#### Task input:

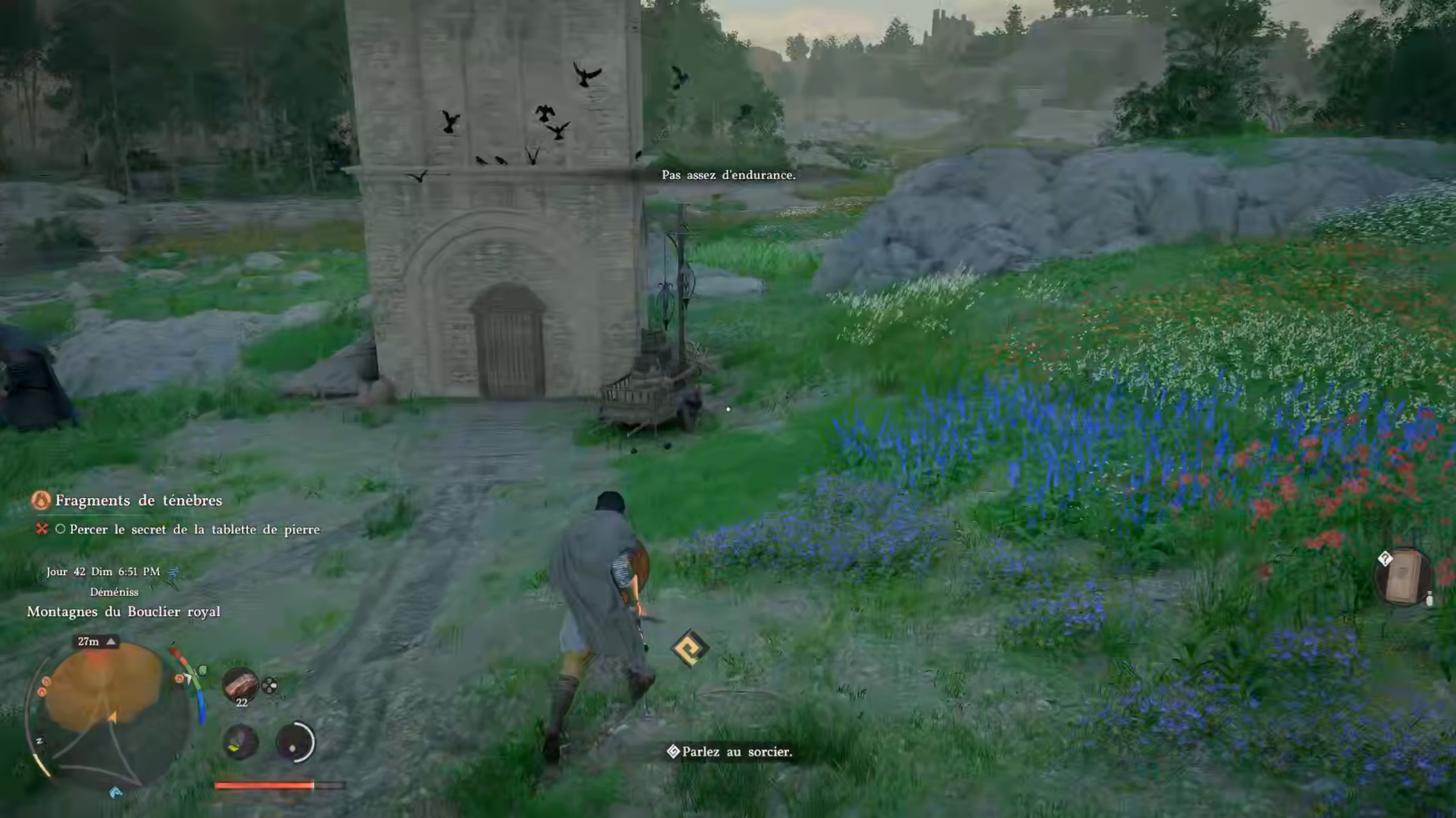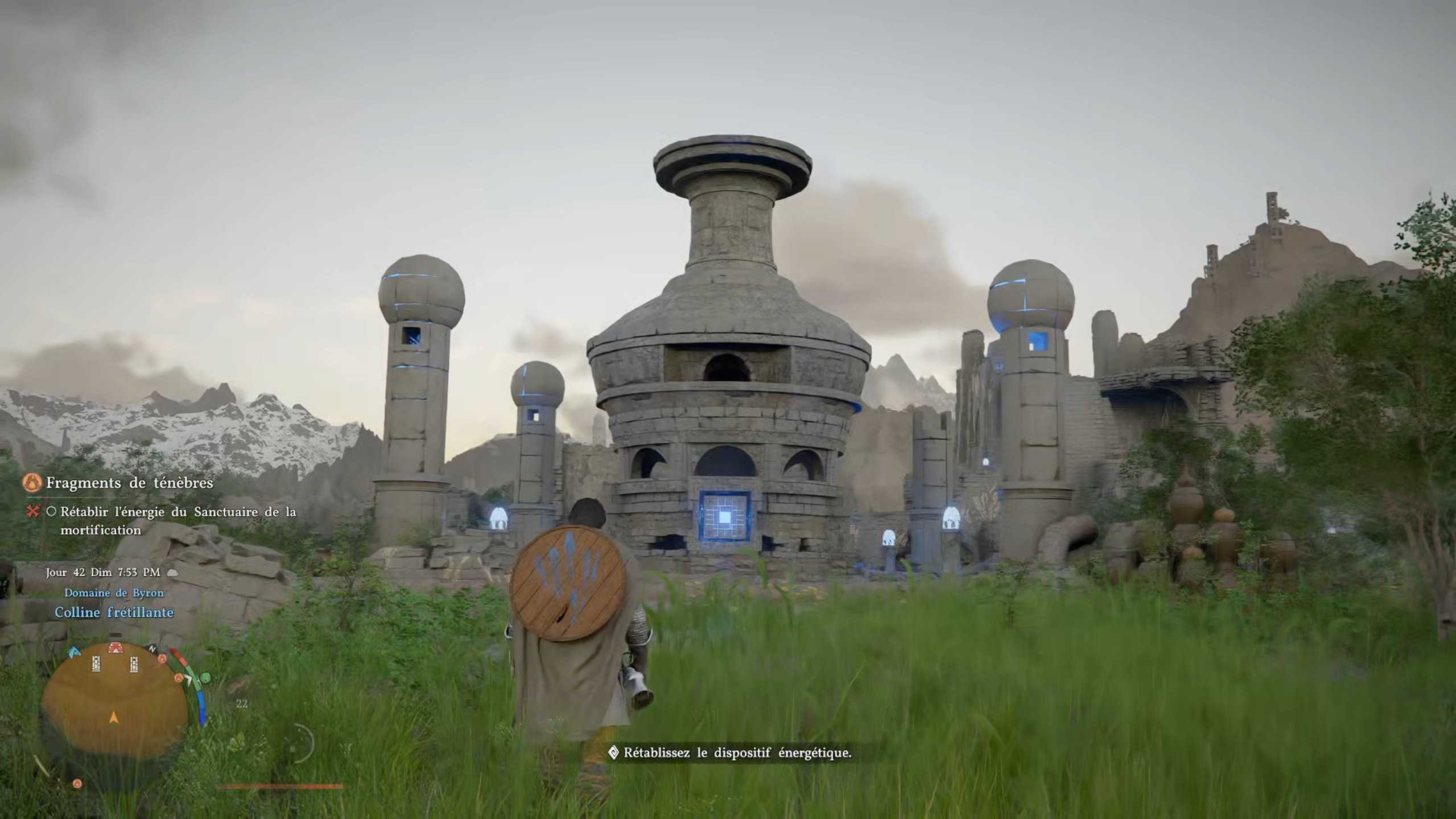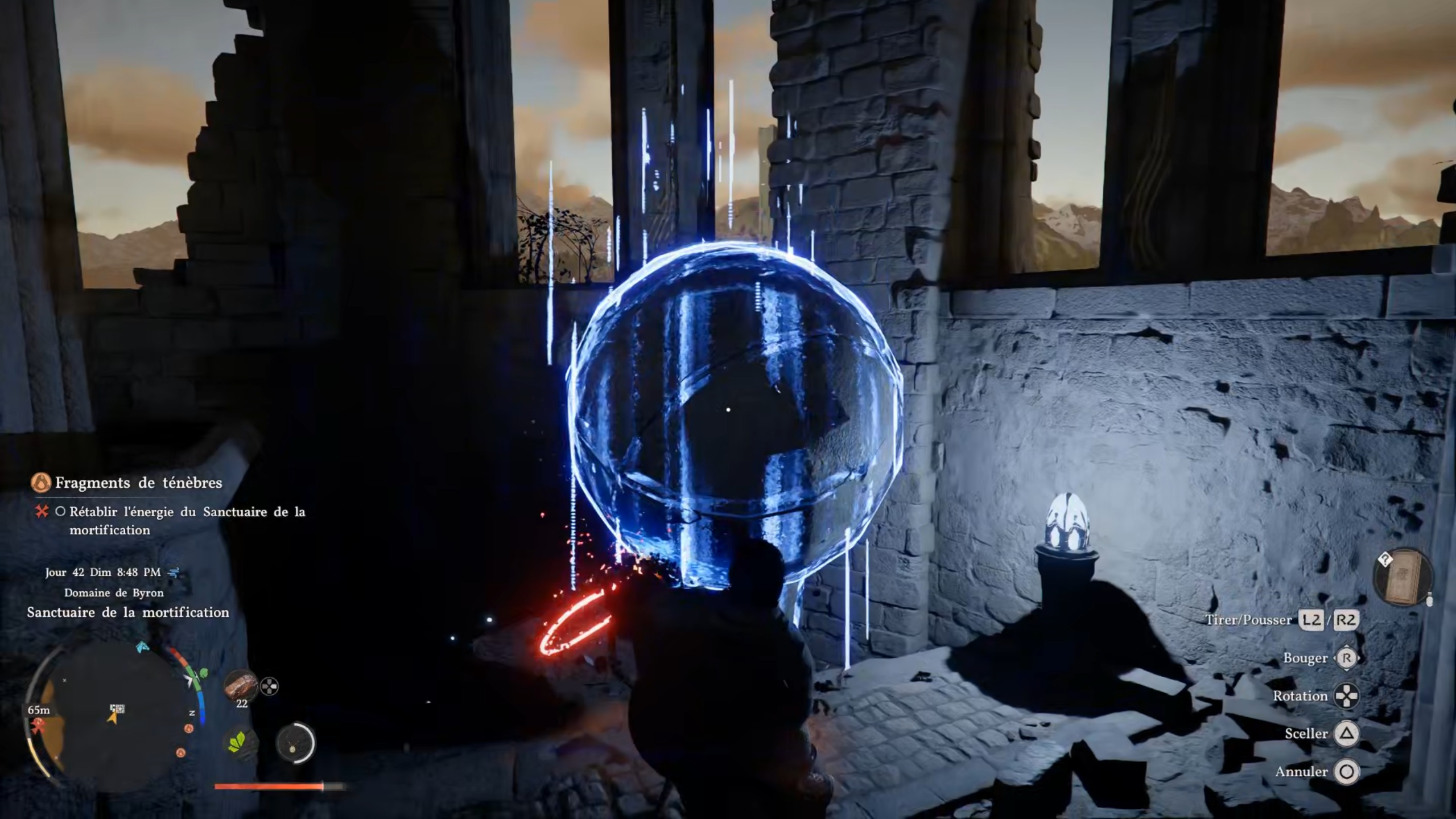 Dans la quête « Fragments de ténèbre », rejoignez le point indiqué sur votre carte pour atteindre une tour. Entrez à l’intérieur et examinez le sommet afin de trouver un tableau avec lequel interagir. Rejoignez ensuite la seconde position indiquée pour atteindre un sanctuaire. Éliminez les menaces sur place, puis consultez votre carte pour repérer les artefacts manquants. Le premier se trouve dans la tour : utilisez la force axiomatique, puis scellez-le dans votre chaudron pour le récupérer. Sortez-le à l’extérieur, puis placez-le au sommet d’un pilier et fixez-le à l’aide d’un coup de paume.
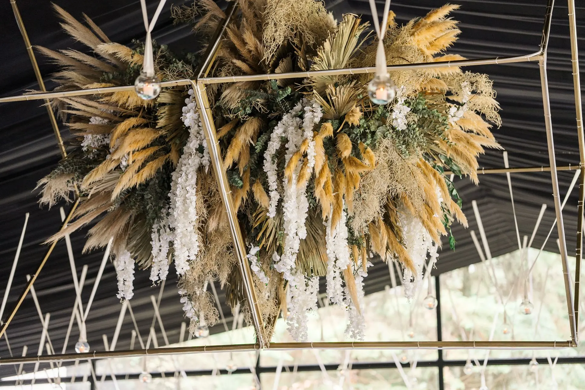 Un diseño impactante que combina 16 lámparas o pantallas de macramé con 8 grandes bolas de follaje o flores secas, creando un ambiente bohemio de gran lujo.
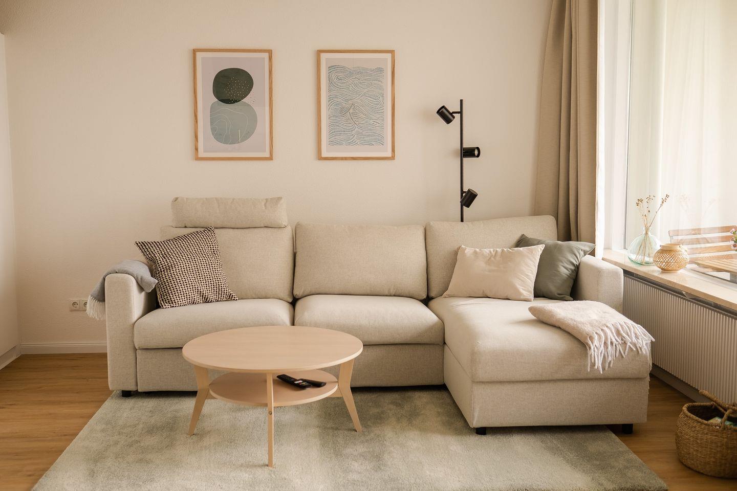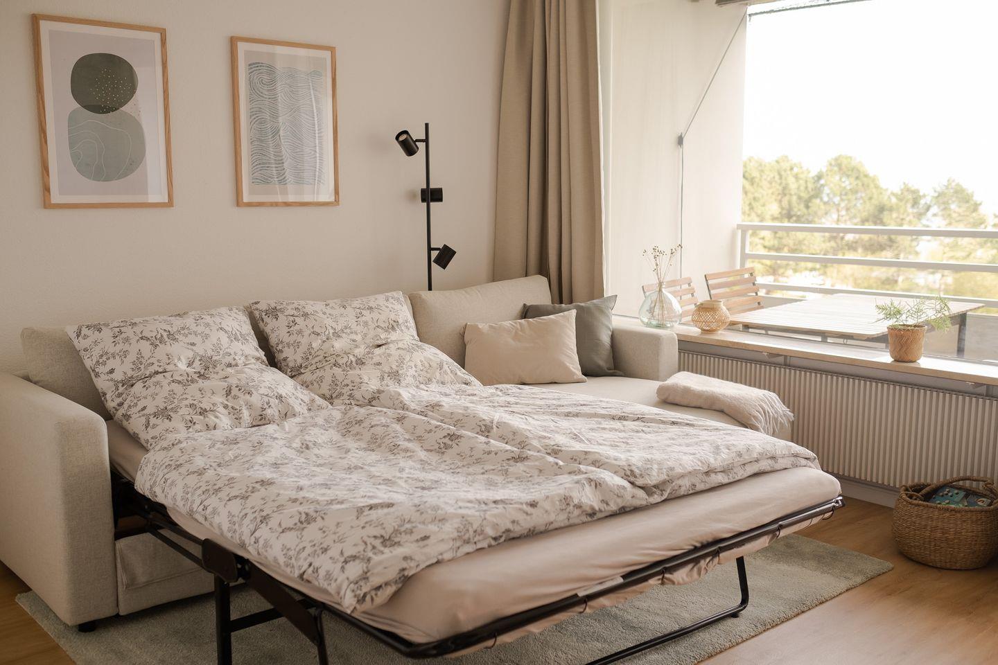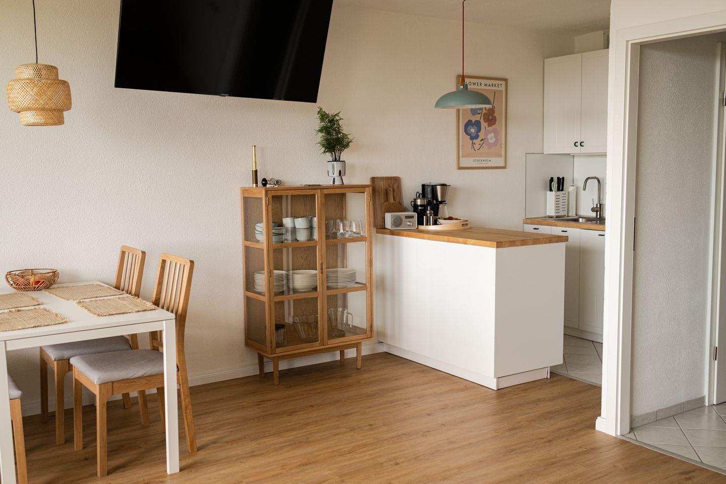 Die moderne und gemütlich eingerichtete Ferienwohnung verfügt über 2 Zimmer, die sich auf 42 Quadratmeter verteilen und wurde im Jahr 2023 saniert und neu möbliert. Das kombinierte Wohn- und Esszimmer ist mit einem bequemen Schlafsofa (140 x 200 cm), einem Esstisch und einem Flachbild-TV ausgestattet. Von hier aus haben Sie Zugang zum Balkon, von dem aus Sie einen herrlichen Blick auf die Ostsee genießen können. Die Küche ist mit Spülmaschine, Herd und Backofen voll ausgestattet und in den Wohn- und Essbereich integriert. Das Schlafzimmer ist mit einem ausziehbaren Doppelbett (2x 80 cm x 200 cm) eingerichtet. Das moderne Badezimmer verfügt über eine Dusche, ein Waschbecken und ein WC. Der Strand ist nur wenige Gehminuten entfernt. PKW-Stellplatz inklusive.
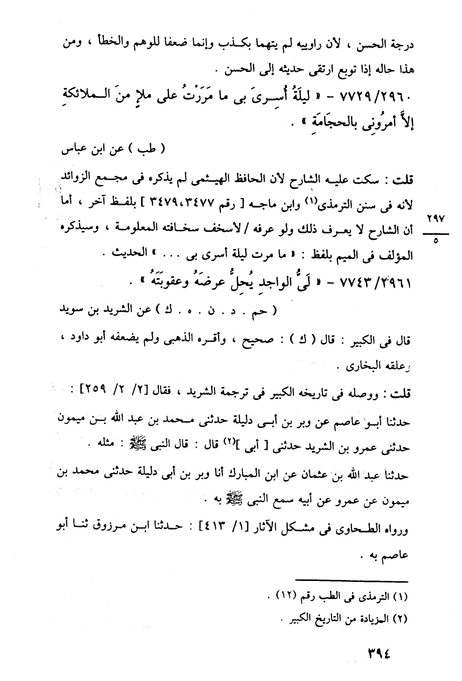 2960/ 7729 - "ليلَةُ أُسِرى بى ما مَرَرْتُ على ملإٍ منَ الملائكةِ إلَّا أمرُونِى بالحجَامَةِ".
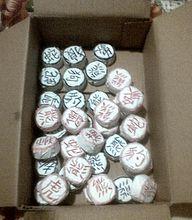 棋子:雙方各十枚,均有方向性,以實有漢字為名稱,漢字棋中心向外的筆畫為走吃規則(另見圖文)。
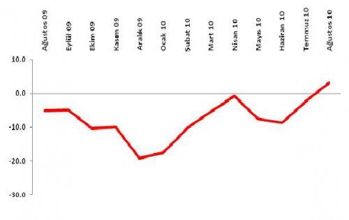 ANKARA- TEPE, Mayıs 2008'den bu yana ilk defa pozitife geçerek Ağustos 2010'da 3,2 değerini aldı. TEPE bir önceki aya göre 5,7 puan, bir önceki yılın aynı dönemine göre ise 8,3 puan arttı.
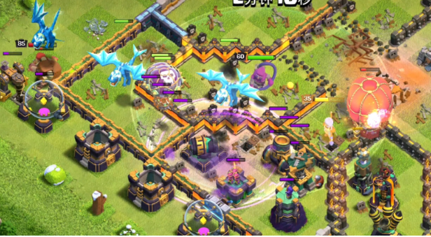 狂暴法术是雷龙流的进攻发动机,其使用时机非常关键。通常在刚放下主力雷龙部队时,就应该在它们的行进路线上平铺1到2瓶狂暴法术,这能立刻提升雷龙的伤害和攻击速度,帮助它们快速清理外围建筑并打开突破口。当部队进入阵型中心,遭遇天鹰火炮、X弩等高血量核心防御时,需要根据情况补放狂暴法术,以集火快速摧毁这些关键目标,避免部队被长时间消耗。狂暴法术不仅要给雷龙用,也要覆盖那些为你探路和辅助的气球兵,让整体推进更加犀利。

#### Your instructions:
A verbatim copy of the data, pictures removed, is the expected result.

#### Completed exercise:
 Dans la quête « Fragments de ténèbre », rejoignez le point indiqué sur votre carte pour atteindre une tour. Entrez à l’intérieur et examinez le sommet afin de trouver un tableau avec lequel interagir. Rejoignez ensuite la seconde position indiquée pour atteindre un sanctuaire. Éliminez les menaces sur place, puis consultez votre carte pour repérer les artefacts manquants. Le premier se trouve dans la tour : utilisez la force axiomatique, puis scellez-le dans votre chaudron pour le récupérer. Sortez-le à l’extérieur, puis placez-le au sommet d’un pilier et fixez-le à l’aide d’un coup de paume.
 Un diseño impactante que combina 16 lámparas o pantallas de macramé con 8 grandes bolas de follaje o flores secas, creando un ambiente bohemio de gran lujo.
 Die moderne und gemütlich eingerichtete Ferienwohnung verfügt über 2 Zimmer, die sich auf 42 Quadratmeter verteilen und wurde im Jahr 2023 saniert und neu möbliert. Das kombinierte Wohn- und Esszimmer ist mit einem bequemen Schlafsofa (140 x 200 cm), einem Esstisch und einem Flachbild-TV ausgestattet. Von hier aus haben Sie Zugang zum Balkon, von dem aus Sie einen herrlichen Blick auf die Ostsee genießen können. Die Küche ist mit Spülmaschine, Herd und Backofen voll ausgestattet und in den Wohn- und Essbereich integriert. Das Schlafzimmer ist mit einem ausziehbaren Doppelbett (2x 80 cm x 200 cm) eingerichtet. Das moderne Badezimmer verfügt über eine Dusche, ein Waschbecken und ein WC. Der Strand ist nur wenige Gehminuten entfernt. PKW-Stellplatz inklusive.
 2960/ 7729 - "ليلَةُ أُسِرى بى ما مَرَرْتُ على ملإٍ منَ الملائكةِ إلَّا أمرُونِى بالحجَامَةِ".
 棋子:雙方各十枚,均有方向性,以實有漢字為名稱,漢字棋中心向外的筆畫為走吃規則(另見圖文)。
 ANKARA- TEPE, Mayıs 2008'den bu yana ilk defa pozitife geçerek Ağustos 2010'da 3,2 değerini aldı. TEPE bir önceki aya göre 5,7 puan, bir önceki yılın aynı dönemine göre ise 8,3 puan arttı.
 狂暴法术是雷龙流的进攻发动机,其使用时机非常关键。通常在刚放下主力雷龙部队时,就应该在它们的行进路线上平铺1到2瓶狂暴法术,这能立刻提升雷龙的伤害和攻击速度,帮助它们快速清理外围建筑并打开突破口。当部队进入阵型中心,遭遇天鹰火炮、X弩等高血量核心防御时,需要根据情况补放狂暴法术,以集火快速摧毁这些关键目标,避免部队被长时间消耗。狂暴法术不仅要给雷龙用,也要覆盖那些为你探路和辅助的气球兵,让整体推进更加犀利。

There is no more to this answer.